I have included a one year yahoo finance chart on the movement of the forint in this post, and it is clear that the forint has recovered most of the ground lost in the summer, so there will not be so much competitive advantage to be extracted, which makes, quite frankly, the current high inflation levels rather worrying. Bottom line: you need to think about the complete macro picture to see what is happening here.

Following October inflation figures and Q3 GDP data published this morning, the Hungarian forint broke out of its 258.50-262.00 range it has been confined to this month. The HUF firmed to 258 against the euro, a level not touched since mid-March. In late afternoon trade the forint was seen stabilising at 258.00/50 to the EUR.

The October inflation data (+6.2% yr/yr vs. 5.9% in Sept) prompted market participants to put off their expectations for the end of the rate hike streak a little bit further in time. The figure hints that the Monetary Council will decide on yet another 25-bp hike to 8.25% at its 20 November policy meeting.

Tuesday, November 14, 2006

October Inflation Numbers

Well inflation in October was just a touch higher than expected:

Hungary's consumer prices climbed 6.3% year on year in October, up from a 5.9% increase in September and overshooting analysts' consensus estimate of 6.2% in a Portfolio.hu poll conducted on Monday.

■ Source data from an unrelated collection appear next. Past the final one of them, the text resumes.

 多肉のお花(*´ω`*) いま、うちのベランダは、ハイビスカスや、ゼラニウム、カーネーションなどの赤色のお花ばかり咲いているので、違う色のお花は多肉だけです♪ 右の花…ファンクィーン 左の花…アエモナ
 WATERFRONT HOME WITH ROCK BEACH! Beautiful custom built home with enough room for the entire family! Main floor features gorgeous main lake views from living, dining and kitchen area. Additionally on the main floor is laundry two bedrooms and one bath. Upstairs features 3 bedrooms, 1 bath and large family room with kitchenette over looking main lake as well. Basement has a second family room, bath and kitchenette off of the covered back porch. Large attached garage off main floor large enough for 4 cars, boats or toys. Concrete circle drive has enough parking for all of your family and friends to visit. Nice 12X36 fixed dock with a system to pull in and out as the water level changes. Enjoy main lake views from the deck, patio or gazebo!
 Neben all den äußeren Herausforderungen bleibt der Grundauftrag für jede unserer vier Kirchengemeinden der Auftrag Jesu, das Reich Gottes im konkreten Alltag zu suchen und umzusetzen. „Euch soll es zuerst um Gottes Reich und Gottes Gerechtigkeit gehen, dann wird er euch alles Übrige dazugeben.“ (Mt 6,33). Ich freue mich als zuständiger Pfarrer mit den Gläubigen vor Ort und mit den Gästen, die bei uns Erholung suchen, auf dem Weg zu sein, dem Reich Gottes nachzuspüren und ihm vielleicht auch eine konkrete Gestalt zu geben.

Even though this number was only very slightly above forecast it is hardly good news, since it will put pressure on the central bank to raise rates. The only saving grace in all this is that the ECB may come under increasing pressure not to raise rates further as economic growth and investor confidence in Germany deteriorate and this possibility, if confirmed, will put sort of floor under the Forint. However such a move would have to come over the protesting bodies of Trichet and many others at the ECB who keep insisting that inflation is still the primary threat. As I keep saying on my own blog, someone somewhere is going to have a hell of a lot of humble pie to eat at some point.

But even this possibity is very much a double edged sword, since slowing growth across the eurozone won't help Hungary to raise exports, which is something she badly needs to do. This is the meaning of being between a rock and a hard place.

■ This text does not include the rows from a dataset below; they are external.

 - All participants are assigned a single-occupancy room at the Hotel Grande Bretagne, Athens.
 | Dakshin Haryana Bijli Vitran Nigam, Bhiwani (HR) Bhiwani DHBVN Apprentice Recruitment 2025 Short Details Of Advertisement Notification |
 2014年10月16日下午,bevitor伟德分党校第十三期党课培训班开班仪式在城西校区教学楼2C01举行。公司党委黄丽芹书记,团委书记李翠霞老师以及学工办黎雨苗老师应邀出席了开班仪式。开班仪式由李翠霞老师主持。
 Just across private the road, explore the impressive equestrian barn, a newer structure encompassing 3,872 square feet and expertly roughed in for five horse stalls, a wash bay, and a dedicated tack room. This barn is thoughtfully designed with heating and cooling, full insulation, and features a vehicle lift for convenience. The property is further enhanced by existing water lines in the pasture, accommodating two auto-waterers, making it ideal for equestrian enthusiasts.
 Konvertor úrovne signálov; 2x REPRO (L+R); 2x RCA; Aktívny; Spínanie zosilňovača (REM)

Hungarian Third Quarter Growth

Well year-on-year growth is slowing slightly, but hardly exceptionally so. This is neither surprising nor exceptional, but it is the first piece of hard data. The important question is still what happens next, as interest rates and the government 'correction' programme start to bite.

Hungary's gross domestic product grew by 3.6% year on year in the third quarter of 2006, according to first estimate figures released by the Central Statistics Office (KSH) on Tuesday. In Q2 the country's economy grew by 3.8% in annual terms.

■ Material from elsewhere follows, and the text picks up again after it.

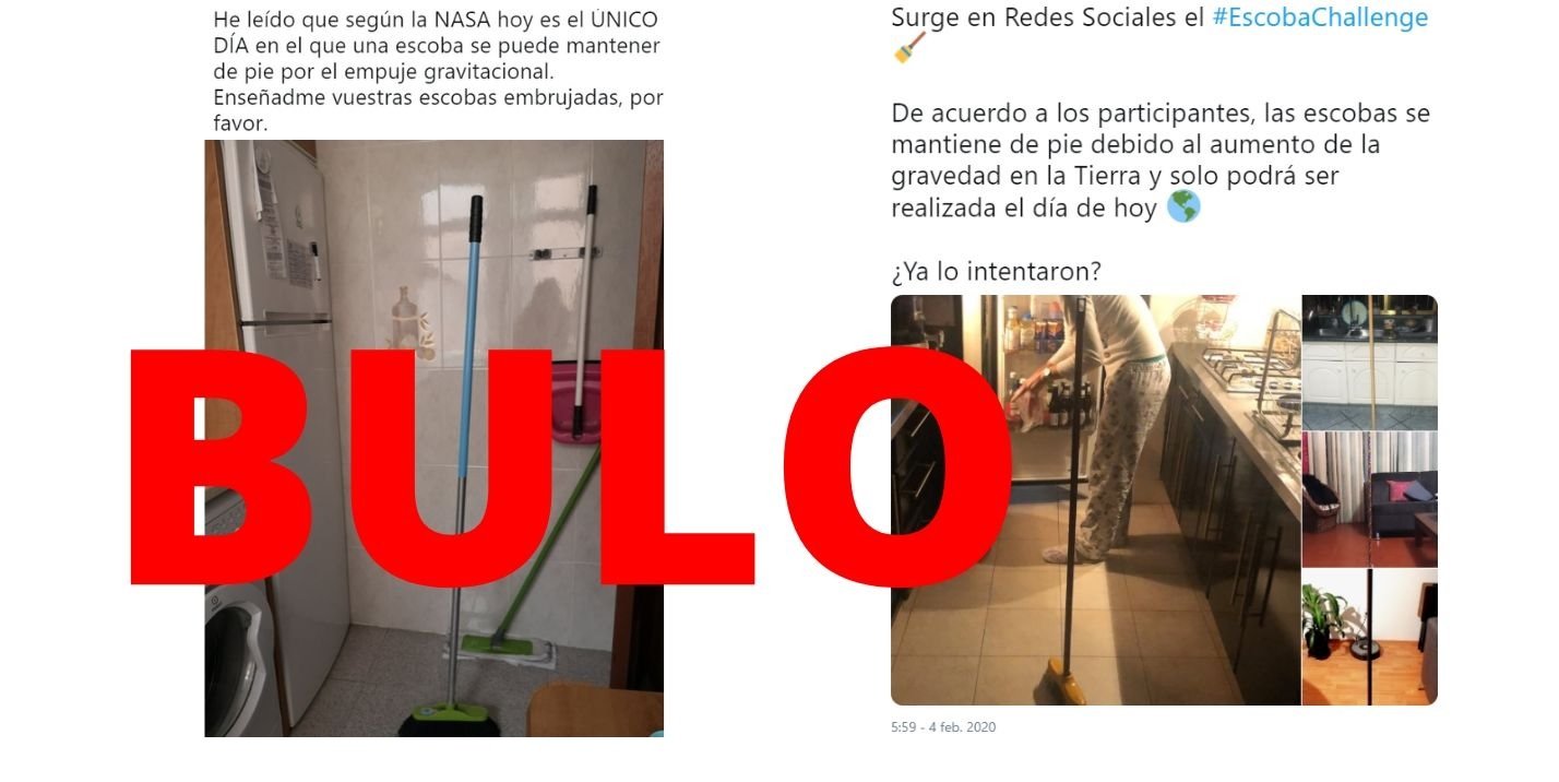 Circula desde hace días un reto viral llamado #EscobaChallenge consistente en dejar de pie una escoba sin que se apoye en nada y que no se caiga. Según varios contenidos virales, la NASA dijo que sólo se puede hacer "hoy" por un "aumento de la gravedad". Es un bulo que la NASA haya dicho que sólo se pueda hacer un día por un aumento de la gravedad: se puede hacer cualquier día.

The Budapest Business Journal have some useful background data:

„It can only turn worse in terms of growth,” said Lars Christensen, an analyst at Danske Bank S/A in Copenhagen. „Either the government moves ahead with the reforms that would implement a significantly tighter fiscal policy that would mean a slowdown in domestic growth. And if they don't, then we will have financial turmoil that will have the same impact.” Gyurcsány pledged to narrow the budget shortfall in the face of threats that the EU would cut off aid. Monetary Affairs Commissioner Joaquin Almunia on October 10 issued a final warning to the government to comply with the bloc's fiscal regulations. The EU's procedures for halting aid are in place and the commission „can't ignore” that possibility, should Hungary fail to deliver on its budget plans, Almunia said during a visit to Hungary on November 8. At stake is €8 billion ($10.3 billion) for motorways, railroads, schools and hospitals.....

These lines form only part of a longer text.